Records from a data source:
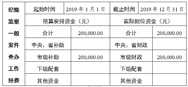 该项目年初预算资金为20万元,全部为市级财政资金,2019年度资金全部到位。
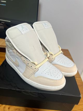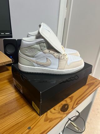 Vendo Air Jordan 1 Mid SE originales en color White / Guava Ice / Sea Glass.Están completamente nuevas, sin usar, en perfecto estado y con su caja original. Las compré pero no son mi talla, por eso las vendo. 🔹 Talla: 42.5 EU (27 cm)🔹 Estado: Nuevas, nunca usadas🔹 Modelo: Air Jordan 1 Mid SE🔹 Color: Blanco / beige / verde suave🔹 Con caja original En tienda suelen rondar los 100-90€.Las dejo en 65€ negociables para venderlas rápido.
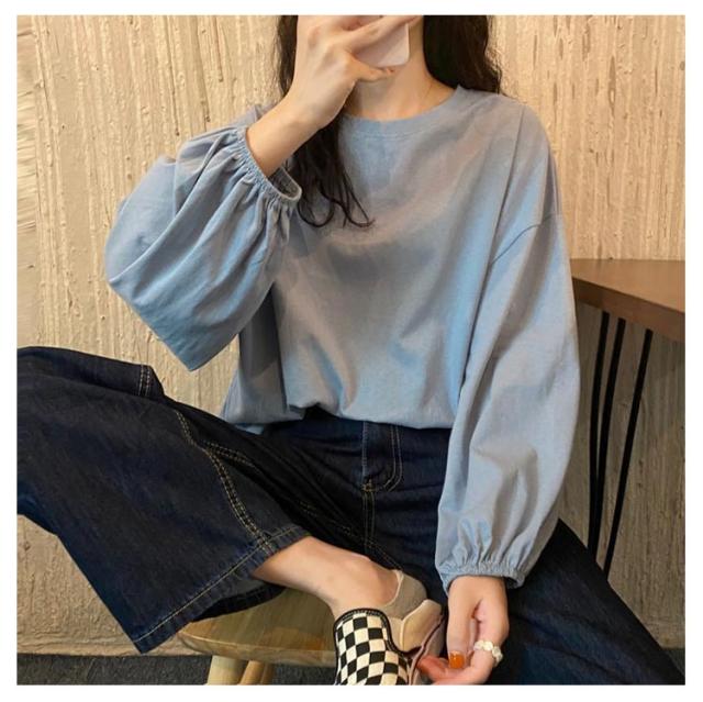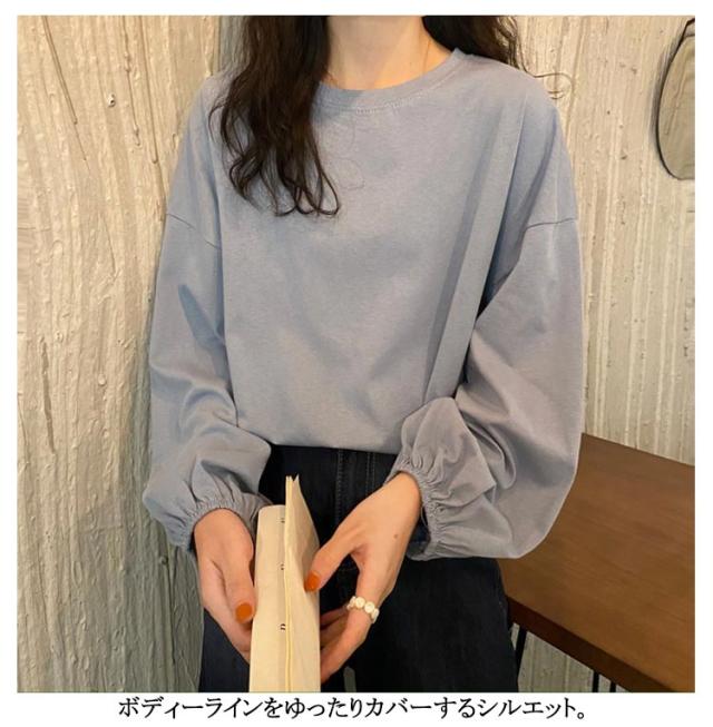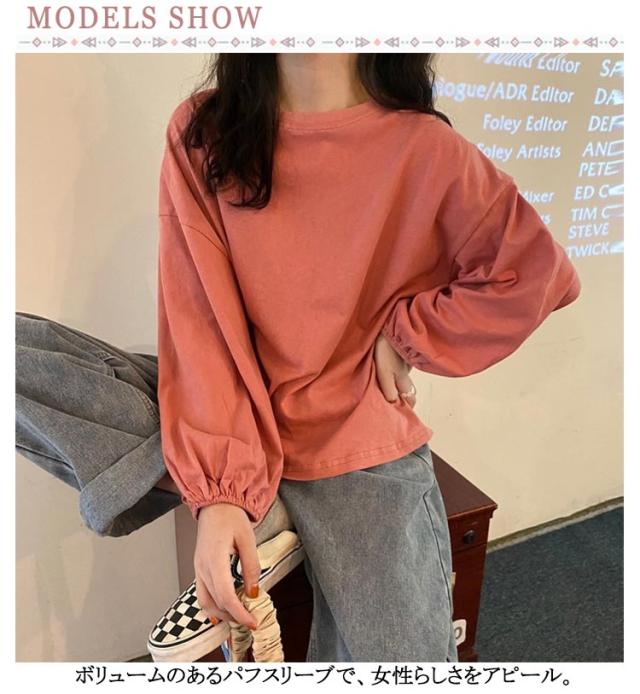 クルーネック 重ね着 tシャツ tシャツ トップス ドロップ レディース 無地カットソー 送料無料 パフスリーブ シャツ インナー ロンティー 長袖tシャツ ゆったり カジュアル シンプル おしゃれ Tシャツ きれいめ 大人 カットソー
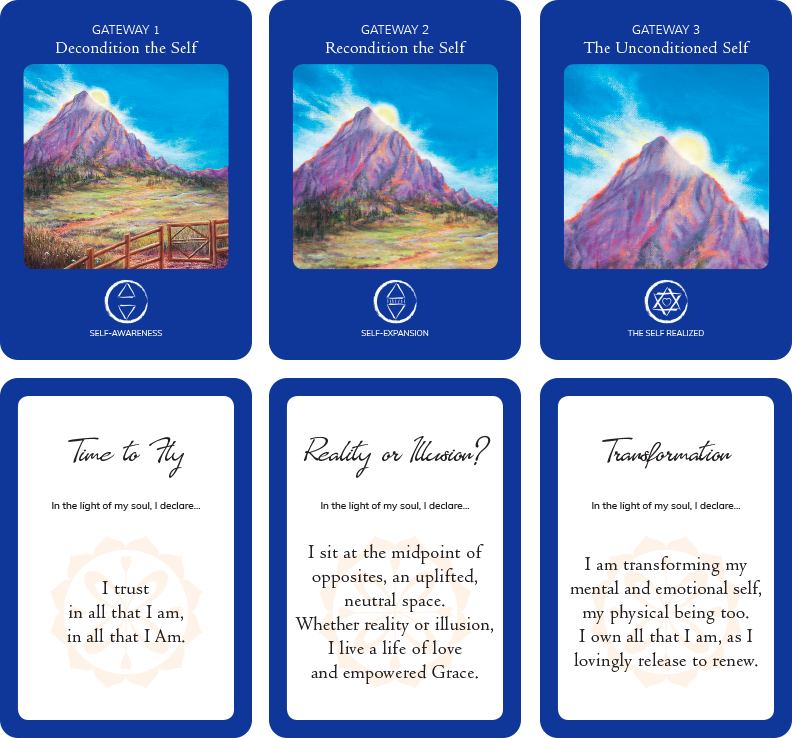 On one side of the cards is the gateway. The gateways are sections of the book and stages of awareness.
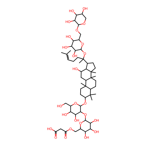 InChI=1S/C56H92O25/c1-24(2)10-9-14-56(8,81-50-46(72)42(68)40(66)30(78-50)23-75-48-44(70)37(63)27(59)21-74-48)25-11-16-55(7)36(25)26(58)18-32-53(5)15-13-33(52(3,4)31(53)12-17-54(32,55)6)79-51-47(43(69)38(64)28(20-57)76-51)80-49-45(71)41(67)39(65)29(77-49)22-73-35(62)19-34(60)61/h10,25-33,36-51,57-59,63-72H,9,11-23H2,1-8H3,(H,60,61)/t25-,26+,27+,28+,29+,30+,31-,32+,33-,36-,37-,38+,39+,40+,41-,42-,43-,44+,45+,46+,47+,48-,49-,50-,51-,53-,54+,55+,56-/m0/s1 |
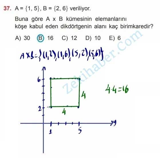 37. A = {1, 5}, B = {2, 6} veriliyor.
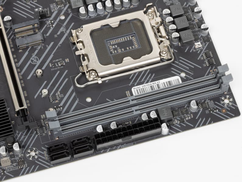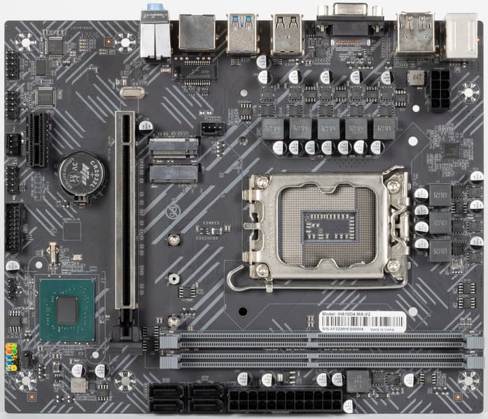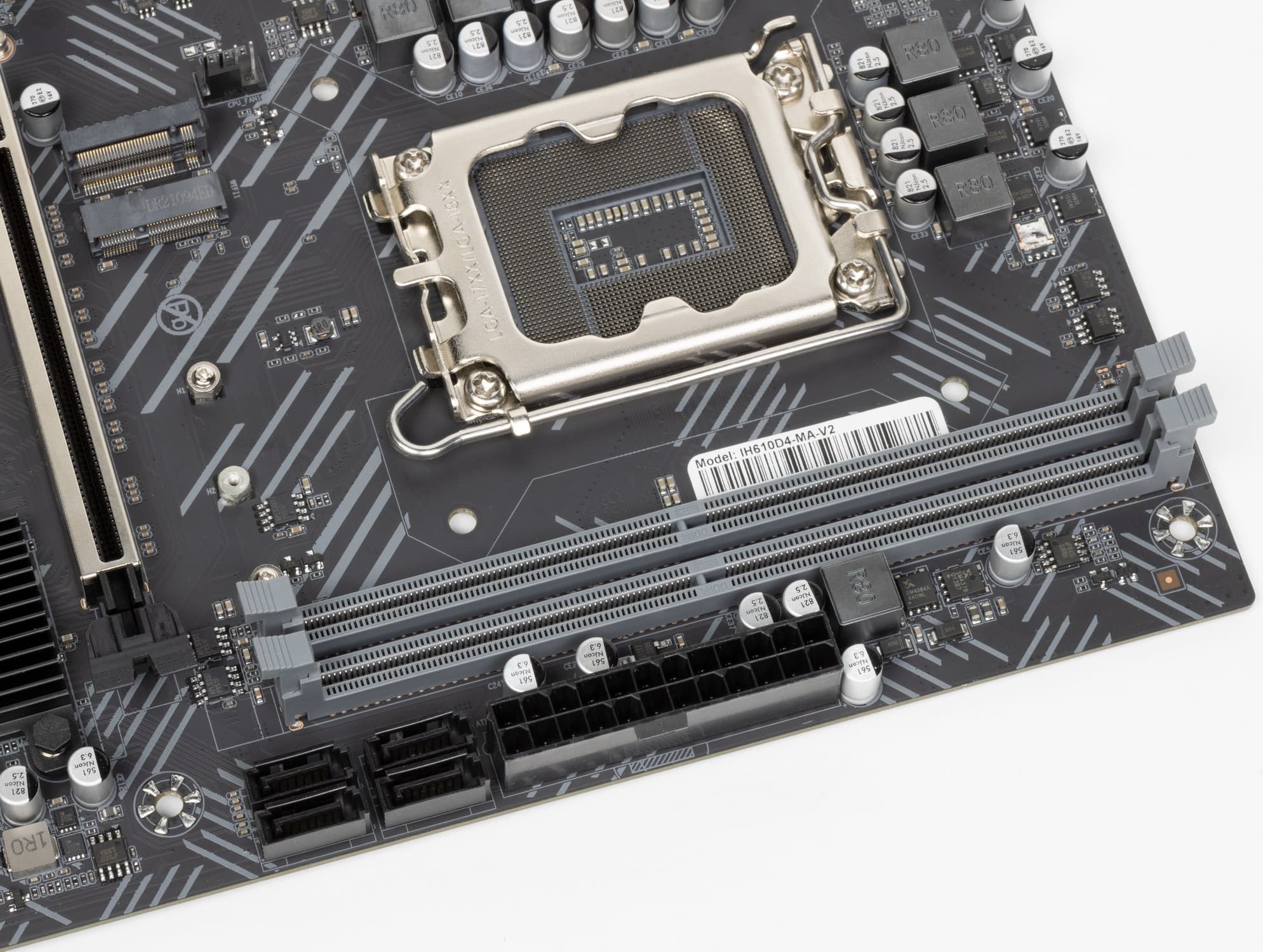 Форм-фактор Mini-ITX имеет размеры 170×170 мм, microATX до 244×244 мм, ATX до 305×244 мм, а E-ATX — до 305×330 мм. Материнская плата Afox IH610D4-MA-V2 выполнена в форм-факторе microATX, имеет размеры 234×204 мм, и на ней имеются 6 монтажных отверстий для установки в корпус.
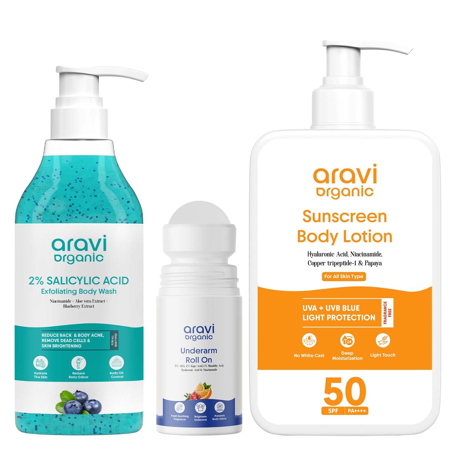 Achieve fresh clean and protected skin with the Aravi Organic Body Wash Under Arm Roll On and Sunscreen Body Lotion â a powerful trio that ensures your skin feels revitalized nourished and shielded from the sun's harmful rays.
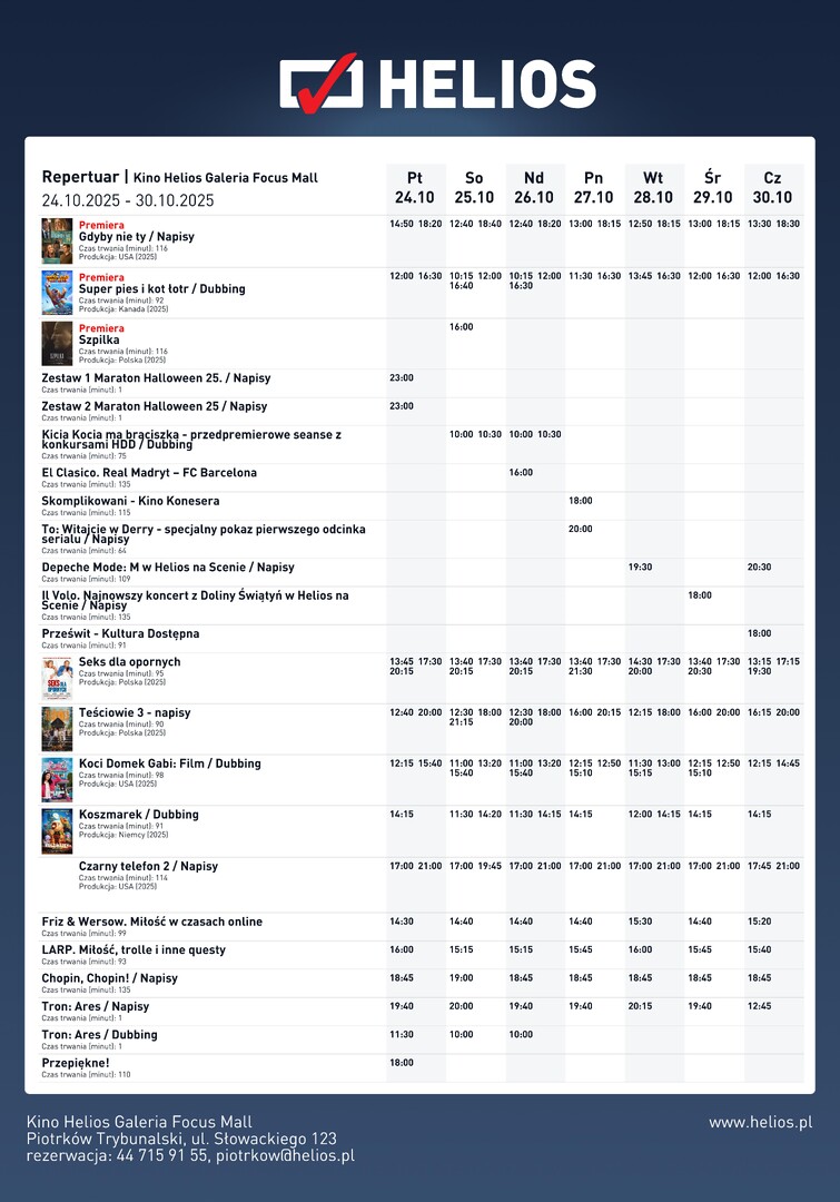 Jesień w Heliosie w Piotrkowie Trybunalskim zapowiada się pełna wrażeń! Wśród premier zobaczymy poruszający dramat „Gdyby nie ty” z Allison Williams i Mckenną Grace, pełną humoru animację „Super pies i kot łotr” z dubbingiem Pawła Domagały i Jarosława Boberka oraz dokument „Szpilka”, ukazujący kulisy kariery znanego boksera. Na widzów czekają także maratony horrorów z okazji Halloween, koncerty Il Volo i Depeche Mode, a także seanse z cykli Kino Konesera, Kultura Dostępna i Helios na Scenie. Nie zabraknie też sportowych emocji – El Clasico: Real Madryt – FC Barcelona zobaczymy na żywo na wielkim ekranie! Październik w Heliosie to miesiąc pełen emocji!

Aim of the exercise. Using the entries above, transcribe exactly from the line that has "クルーネック 重ね着 tシャツ" through the line that has "On one side". Pictures are dropped.

Worked solution.
 クルーネック 重ね着 tシャツ tシャツ トップス ドロップ レディース 無地カットソー 送料無料 パフスリーブ シャツ インナー ロンティー 長袖tシャツ ゆったり カジュアル シンプル おしゃれ Tシャツ きれいめ 大人 カットソー
 On one side of the cards is the gateway. The gateways are sections of the book and stages of awareness.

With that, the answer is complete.